I'm not doing this right now. I go outside. It's six degrees in the sun, if you're lucky. If you can find it in these dark clouds. Most of them I self-generate. I'm very proud of my cloud production. They are dense, high-quality VantablackTM clouds and good luck if you're caught in my storm. 

Lochlan follows. Peanut. I just want you to stay healthy. 

Jesus, Lochlan. I'm an adult. It was one meal. I had a granola bar an hour before! Sorry. 

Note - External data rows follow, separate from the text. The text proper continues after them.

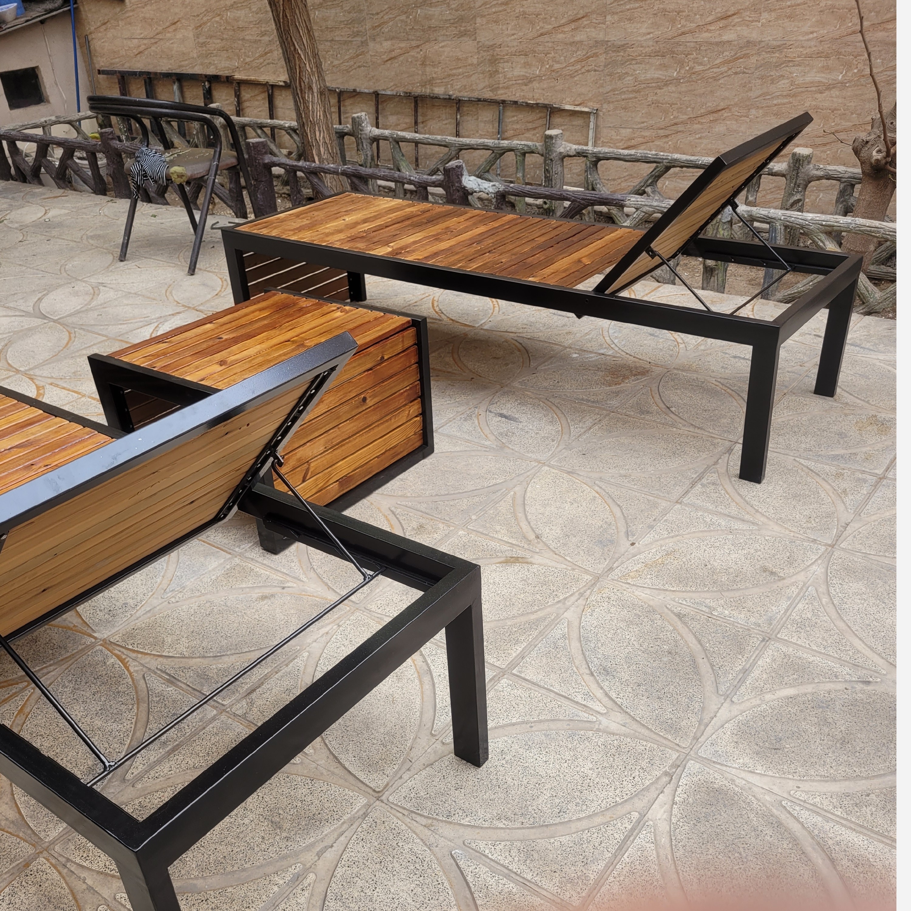 تخت کنار استخر فلز و چوب ترموود مبلمونسرا مدل 235278
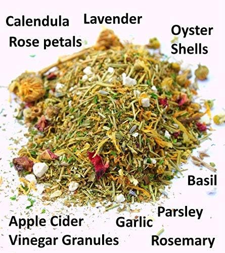 ✔️ 100% HAPPY CHICKEN GUARANTEE: Your chickens will love them or your MONEY BACK! No questions asked! Pet chickens love the scent of calendula, rose petals, alfalfa, oregano, basil, rosemary, chamomile, and lavender. Easy to pour into chicken supplies, nesting boxes, and feeders so your hens have 24-hour access.
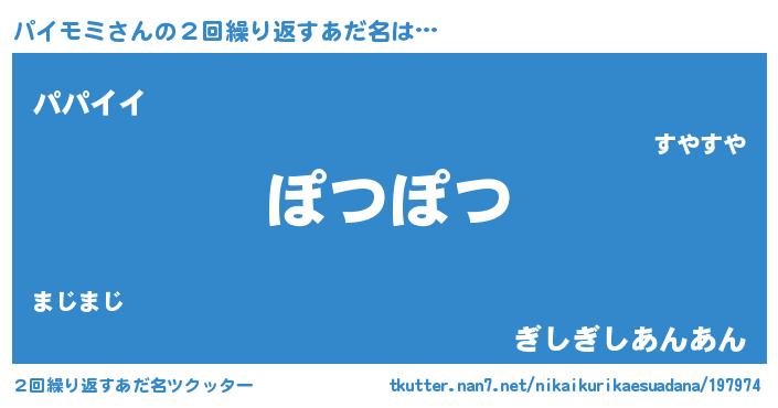 | 欧米人風あだ名 | 『ダニエルパイモミ』 |

He relaxes. Interesting because I lied. I didn't have breakfast either. If I eat I will throw up so I'll fake it until they notice because I can't afford to lose any more weight or I'll be a ghost too. 

It's not forever. 

I don't think it'll be through the weekend, actually. 

What do you mean? 

I need him to come back. You promised and you lied too so we're even but this is where he needs to be.

Bridg-

Just call him. 

We'll have a meeting. 

Great. Another meeting. Should be productive. 

What's the matter? 

EVERYTHING.

Tuesday, 23 March 2021

(Welcome to our spectacle, carny rides eccentical.)*

Yes, I still go outside in the orchard with my headphones in my clown jumpsuit (no mask though, I have it but I can't breathe in a mask while dancing) and do the whole diamond clown #17 dance from this video.

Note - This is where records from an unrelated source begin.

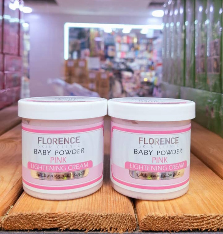 این تصویر مربوط به یک محصول با نام **"FLORENCE BABY POWDER PINK LIGHTENING CREAM"** است که احتمالاً یک **پودر بچه** یا **کرم روشنکننده پوست** با رایحه یا ترکیبات گلدار (با توجه به نام "Florence") و رنگ صورتی ("Pink") میباشد.
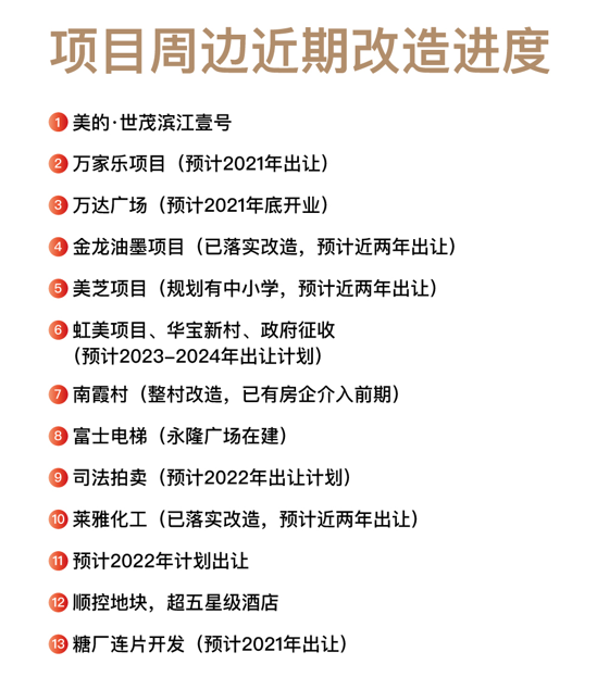 据悉,今年三季度大良万家乐地块将拍卖,在大良近1年无供地的空窗期,万家乐地块将是今年的“兵家必争”之地!更何况,毗邻的万达广场将在今年12月开业,万达所在,多是引领城市消费的新方向;德胜河北岸工程也提上日程,糖厂地块开发,预计将于今年出让,规划建设新一代文旅产业标杆,又一重红利加持。
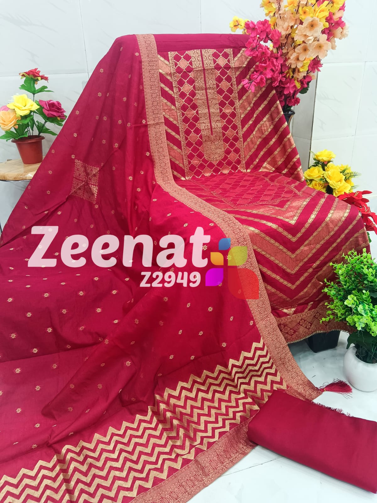 ? Dupatta pure dola silk with beautiful banarsi viewing n border....2.25 mtr approx
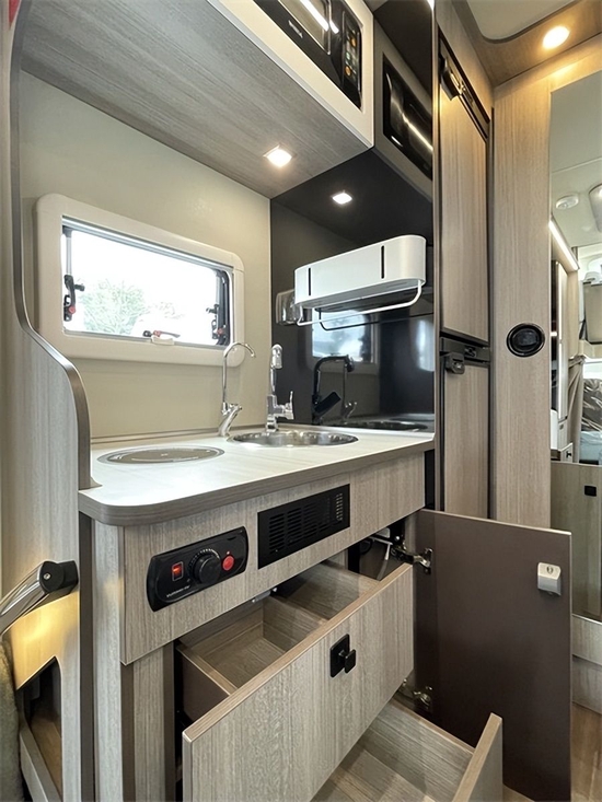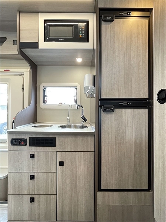 厨房区位于车的中间。配备志高电磁炉、不锈钢洗脸盆等,上下多个储物柜,储物空间充足;周围一组220V电源插座可以给手机等小电器充电。房车旅行最重要的方面是舒适,车内充足的空间是必不可少的。C530大玩家定制版房车内部空间很大,整体布局非常合理。驾驶室、卧室区、客厅、浴室、厨房等功能区一应俱全。
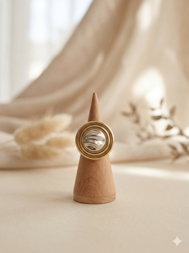 Anillo Olivia – Esfera Dorada con Plateada ✨
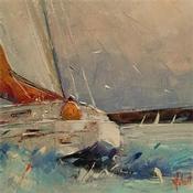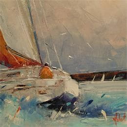 L'artiste a utilisé la technique Huile pour créer cette peinture petit format sur Toile de style Figuratif sur le thème Marine.
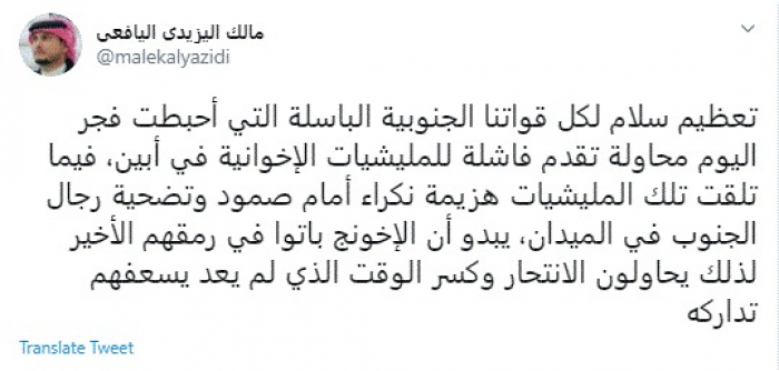 وكتب في تغريدة عبر "تويتر" رصدها "المشهد العربي": "تعظيم سلام لكل قواتنا الجنوبية الباسلة التي أحبطت فجر اليوم محاولة تقدم فاشلة للمليشيات الإخوانية في أبين، فيما تلقت تلك المليشيات هزيمة نكراء أمام صمود وتضحية رجال الجنوب في الميدان".
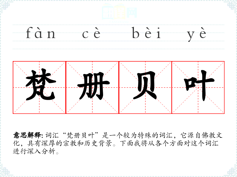 词汇“梵册贝叶”是一个较为特殊的词汇,它源自文化,具有深厚的和历史背景。下面我将从各个方面对这个词汇进行深入分析。

Hell, yes, it's cathartic. Hell yes, I have the suit and let me tell you, it's heavy. This is a better warmup and more exercise than just about anything else in the universe. I don't want to pedal a bike to nowhere, flip tires or do reps. I want to dance. And since everyone laughs when I express interest in doing Bhangra, this is it for me. I have found my niche and it's no surprise it involves clowns, is it? I freaking love clowns. Whoop whoop.

***

The party's over now because the rain has started in earnest. I don't even want to stand outside with the dog but the woodstove is glowing red in the kitchen and the groceries are bought and put away and even the eggs are in the new egg basket in the fridge and so my chores are done and I get to draw and paint for the rest of the afternoon and drink coffee and eat fresh croissants and then snuggle in with Lochlan to hopefully finish American Gods. At least that's how I see the day in my head now that I'm too tired to think too hard. 

*(Today's title is from Tilt-A Whirl, which is an equally fun song to dance to, FYI.)

Monday, 22 March 2021

Lent: week five.

Sam's come out of hibernation with the first day of spring. Present and combed, beard trimmed short, collar pressed, a new feature on this odd bug, noted also are the matching shoes, picking up the browns in his shirt and his hair. 

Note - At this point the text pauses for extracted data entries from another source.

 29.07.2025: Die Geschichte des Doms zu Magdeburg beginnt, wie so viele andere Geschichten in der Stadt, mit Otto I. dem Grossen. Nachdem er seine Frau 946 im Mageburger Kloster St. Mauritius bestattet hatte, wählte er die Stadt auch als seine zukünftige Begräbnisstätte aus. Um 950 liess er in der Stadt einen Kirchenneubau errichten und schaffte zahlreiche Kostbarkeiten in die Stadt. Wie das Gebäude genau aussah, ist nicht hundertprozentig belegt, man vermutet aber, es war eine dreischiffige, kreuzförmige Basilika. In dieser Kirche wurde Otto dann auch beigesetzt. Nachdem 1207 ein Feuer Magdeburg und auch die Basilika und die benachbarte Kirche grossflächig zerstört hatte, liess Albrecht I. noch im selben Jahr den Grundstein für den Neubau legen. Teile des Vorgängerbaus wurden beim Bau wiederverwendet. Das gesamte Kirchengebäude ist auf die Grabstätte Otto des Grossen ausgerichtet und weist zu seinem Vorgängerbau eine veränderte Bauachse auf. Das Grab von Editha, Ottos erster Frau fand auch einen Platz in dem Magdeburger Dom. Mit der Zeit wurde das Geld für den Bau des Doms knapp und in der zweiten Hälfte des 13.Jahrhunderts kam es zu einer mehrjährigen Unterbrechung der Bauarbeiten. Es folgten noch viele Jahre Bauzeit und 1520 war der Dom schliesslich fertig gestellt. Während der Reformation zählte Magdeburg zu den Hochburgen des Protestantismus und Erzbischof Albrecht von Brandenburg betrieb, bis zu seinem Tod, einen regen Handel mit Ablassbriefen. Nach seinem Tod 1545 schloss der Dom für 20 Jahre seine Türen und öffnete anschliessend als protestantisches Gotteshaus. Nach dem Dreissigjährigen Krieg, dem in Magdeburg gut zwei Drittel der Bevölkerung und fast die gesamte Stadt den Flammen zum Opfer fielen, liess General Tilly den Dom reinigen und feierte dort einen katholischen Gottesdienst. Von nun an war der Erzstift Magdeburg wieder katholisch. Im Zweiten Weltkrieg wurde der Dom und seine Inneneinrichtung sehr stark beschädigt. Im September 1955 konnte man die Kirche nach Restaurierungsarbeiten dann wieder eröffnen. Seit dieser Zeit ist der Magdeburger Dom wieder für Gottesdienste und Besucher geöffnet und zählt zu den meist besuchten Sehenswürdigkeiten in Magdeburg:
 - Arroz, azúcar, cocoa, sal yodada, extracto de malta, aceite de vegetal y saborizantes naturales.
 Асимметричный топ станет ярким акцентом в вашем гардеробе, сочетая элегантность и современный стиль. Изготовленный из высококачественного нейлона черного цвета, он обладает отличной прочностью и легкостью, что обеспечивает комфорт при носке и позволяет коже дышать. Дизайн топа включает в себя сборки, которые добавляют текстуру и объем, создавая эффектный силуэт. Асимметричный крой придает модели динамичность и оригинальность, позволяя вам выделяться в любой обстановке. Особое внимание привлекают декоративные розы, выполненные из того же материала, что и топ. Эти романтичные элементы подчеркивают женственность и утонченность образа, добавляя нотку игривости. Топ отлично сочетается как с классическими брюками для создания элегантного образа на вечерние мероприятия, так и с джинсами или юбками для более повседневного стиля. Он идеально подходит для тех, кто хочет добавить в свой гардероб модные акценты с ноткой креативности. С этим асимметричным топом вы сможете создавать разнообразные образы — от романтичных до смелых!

Are you objectifying me? Judging me based on appearances? 

Maybe. I wink at him but it's with effort to be jovial, generous. 

How are things? I feel as if I haven't seen you but I'm trying to step back and let the others have space to work with you. 

That makes me sound like some kind of avant-garde art installation. 

I hope you'll take it as a compliment, then. 

My eyebrows go up but I don't say anything. 

You look sad and exhausted, Bridge. 

Oh, he's just going to walk in and thrust his torch against every soft, flammable surface today. I try to put it out with tears but then he yanks it back. 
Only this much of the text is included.